CAFTA-DR is critical in promoting U.S. apparel sourcing from the region. Around 80 percent of respondents took advantage of the agreement’s duty-free benefits when sourcing apparel from the region this year, up from 50—60 percent in the past.
Respondents say the exceptions to the “yarn-forward” rules of origin, such as the “short supply” and “cumulation” mechanisms, provide essential flexibility that encourages more apparel sourcing from CAFTA-DR members.
Respondents say improving textile raw material supply is critical to encouraging more U.S. apparel sourcing from CAFTA-DR members. Particularly, “allowing more flexibility in souring fabrics from outside CAFTA-DR” and “improving yarn production capacity and variety within CAFTA-DR” are the top two priorities.
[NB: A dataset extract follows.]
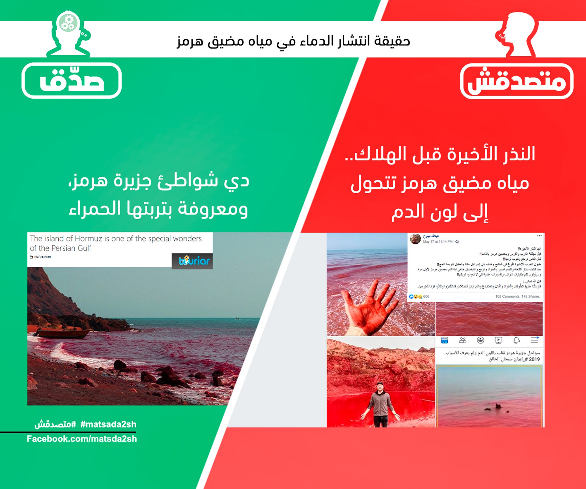 متصدقش Auf Twitter الكلام ده غير صحيح الصور دي من جزيرة هرمز الإيرانية وهي جزيرة معروفة من سنين بتربتها الحمراء اللي بتأثر لون شواطئها وبيسموه الشاطئ الأحمر وبتعتبر مقصد أساسي للسياح بسبب

U.S. fashion companies strongly support another ten-year renewal of the African Growth and Opportunity Act (AGOA). Meanwhile, Ethiopia’s loss of AGOA eligibility discourages U.S. apparel sourcing from the ENTIRE AGOA region.
As much as 75 percent of respondents say another ten-year AGOA renewal will encourage more apparel sourcing from the region and making investment commitments.
However, despite the tariff benefits and the liberal rules of origin, respondents express explicit concerns about the region’s lack of competitiveness in speed to market, political instability, and having an integrated regional supply chain.
Ethiopia’s loss of AGOA benefits had a notable negative impact on sourcing from the country AND the entire AGOA region. Notably, no respondent plans to move sourcing orders from Ethiopia to other AGOA beneficiaries.